Here we are providing Class 9 Science Objective Chapter – 9  Force and Laws of Motion because its very important for Class 9 students as we all know that every board exam question has MCQs so that students should practice these questions so that students can get good marks in board. Class 9 Science Objective Chapter – 9  Force and Laws of Motion is an extremely important and its also a year in which students learn the fundamentals of concepts that help them lay a solid foundation for their higher education. Here we are providing in Class Class 9 Science Objective Chapter – 9  Force and Laws of Motion 100+ questions  so that students practice more and more. If you want class wise Notes Then Click Here

## Class 9 Science Objective Chapter – 9  Force and Laws of Motion

1.Which of the following statements is not correct for an object moving along a straight path in an accelerated motion?
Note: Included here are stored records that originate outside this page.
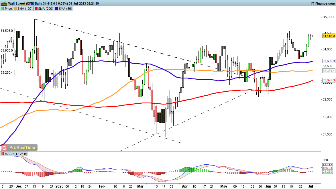 این شاخص یک بار دیگر به سطح 34000 صعود کرده است و درست پایینتر از بالاترین قیمت ژوئن قبلی خود قرار دارد. بالای 34500 هدف بعدی 35000 خواهد بود.
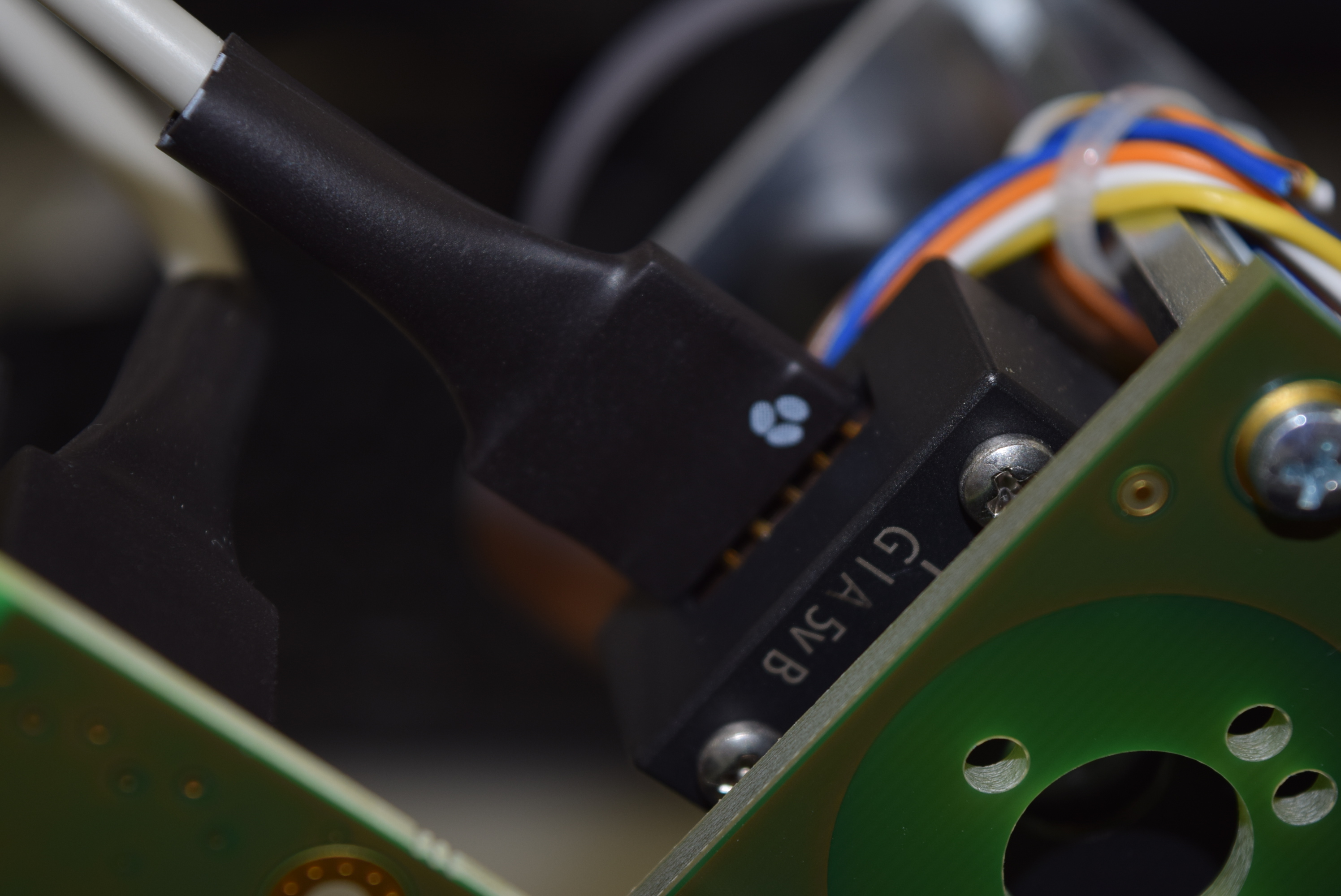 赤丸の部分がボルト止めする部分です。次にモーターへ6ピンケーブルを接続します。
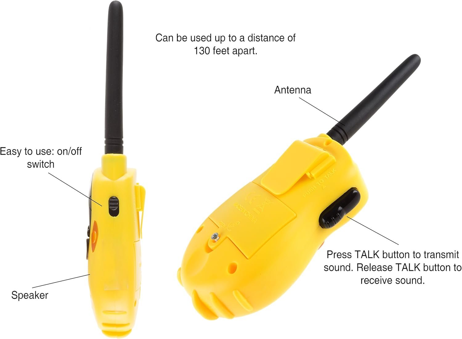 EASY TO USE – Ideal for children aged 3 and up, this set is easy to operate. Equipped with an on/off switch, TALK button to transmit sound and a soft, flexible antenna, your kids will be able to use them with ease.
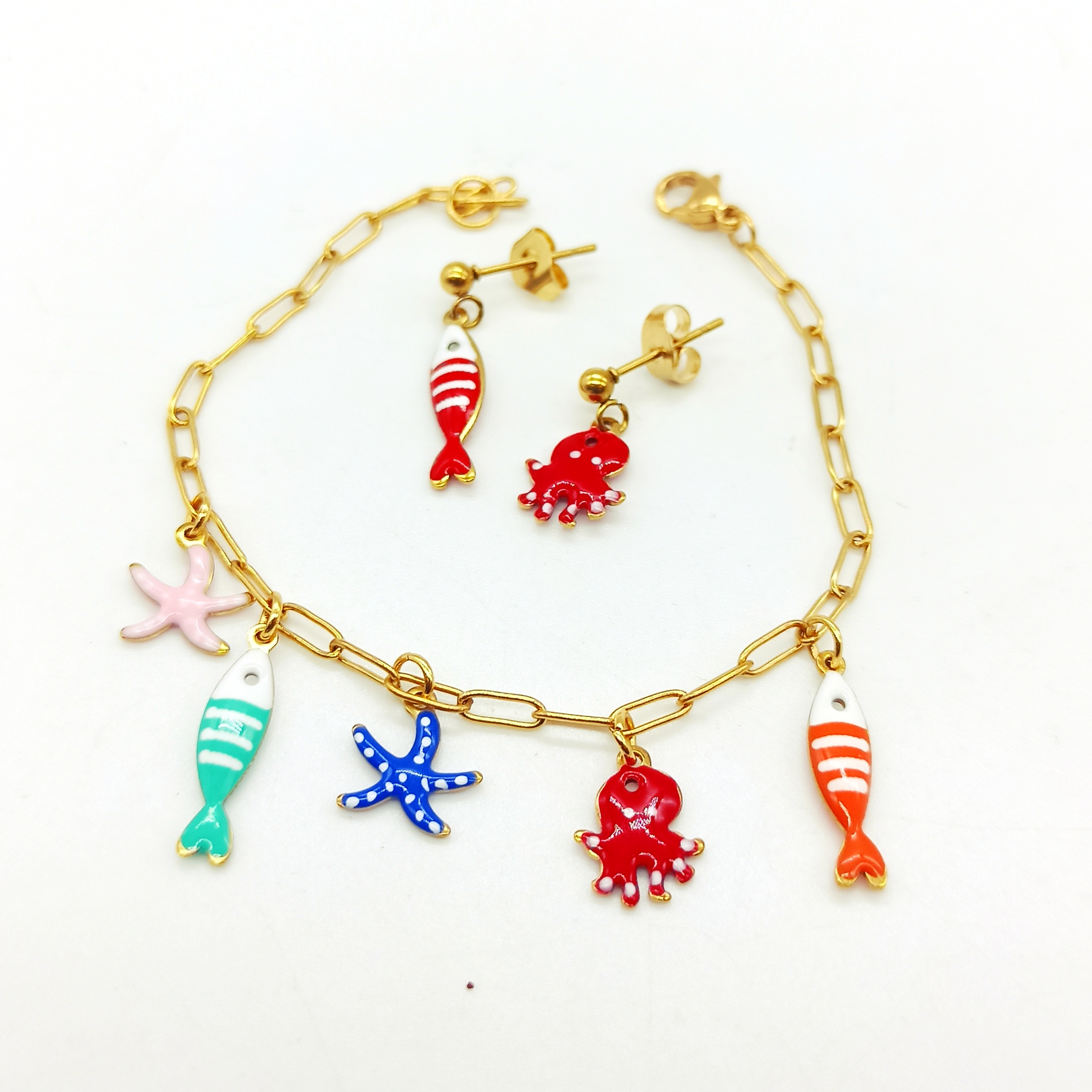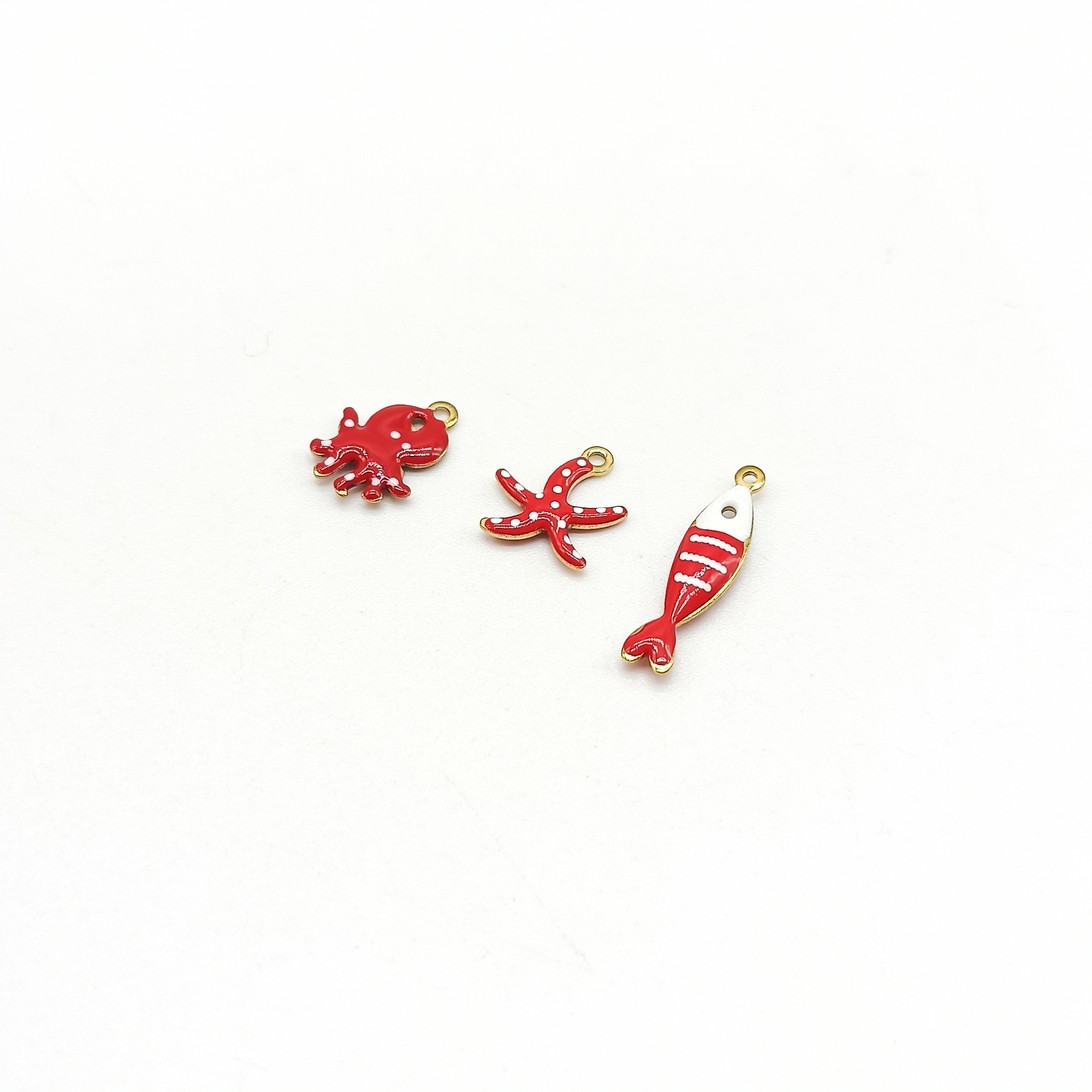 Tris di ciondoli in acciaio smaltati.
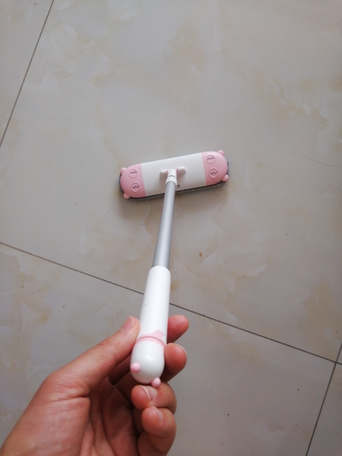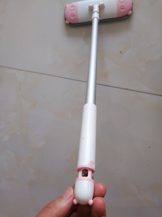 这种小拖把看了好久。家里孩子两岁,每次干家务的时候,总是跟我抢拖把。一直想买个给她,既可以锻炼孩子的能力,又可以减轻负担,一举两得。这个拖把是伸缩杆的,可以缩短,也可以加长,很灵活。两块拖布头,可以换洗。比较人性化。拖把的周边是软硅胶的,大概是怕孩子拖地没有轻重,可以保护墙面。
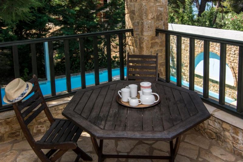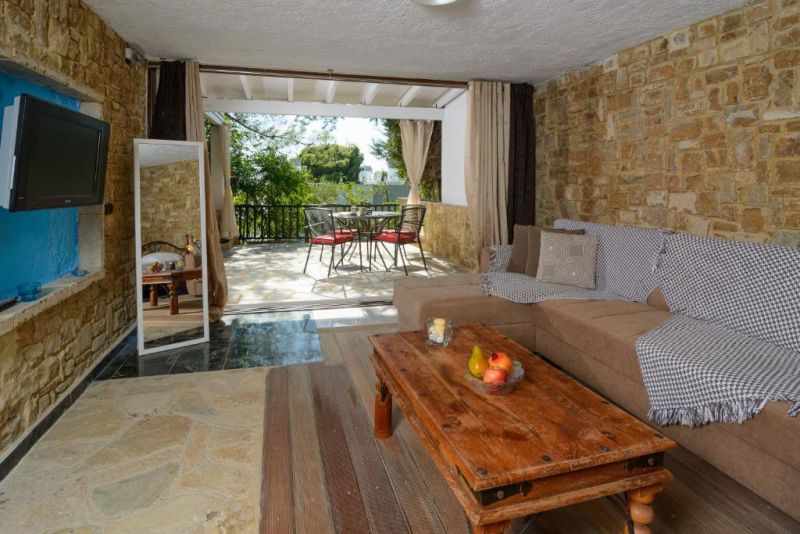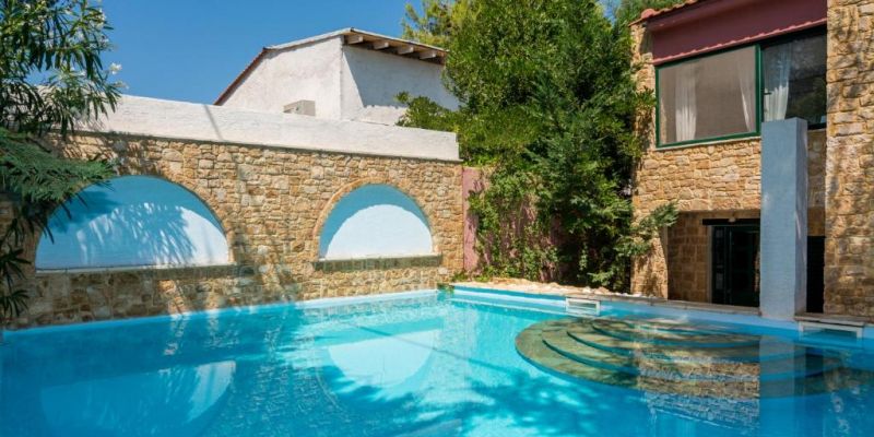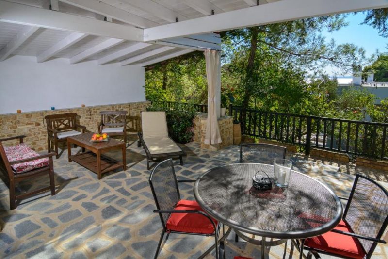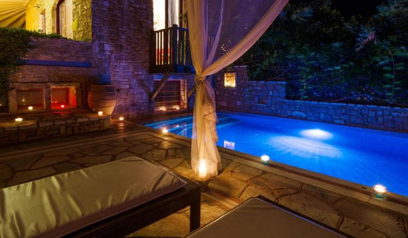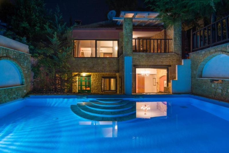 Villa Nefeli (185 кв.м, построена из камня, вид на море, индивидуальный бассейн. 2 салона, каменный камин, 3 спальни + дополнительная спальня в мансарде, полностью оборудованная кухня, 2 ванных комнаты и WC, отдельный бассейн (80 кв.м.), пульт управления внешними воротами, паркинг на 2 машины. Возможное размещение - до 6 человек)

( A ) Its speed keeps changing

( B ) Its velocity always changes

( C ) It always goes away from the Earth

( D ) A force is always acting on it

Ans – ( D )

2. 1-kg object is lying on the ground. An unbalanced force of magnitude 1 N is applied to the object. Which of these options explains the motion of the object as a result of the acting force?

( A ) The object will accelerate in the direction of the applied force.

( B ) The object will accelerate in a direction perpendicular to the applied force.

( C ) The object will decelerate in the direction of the applied force.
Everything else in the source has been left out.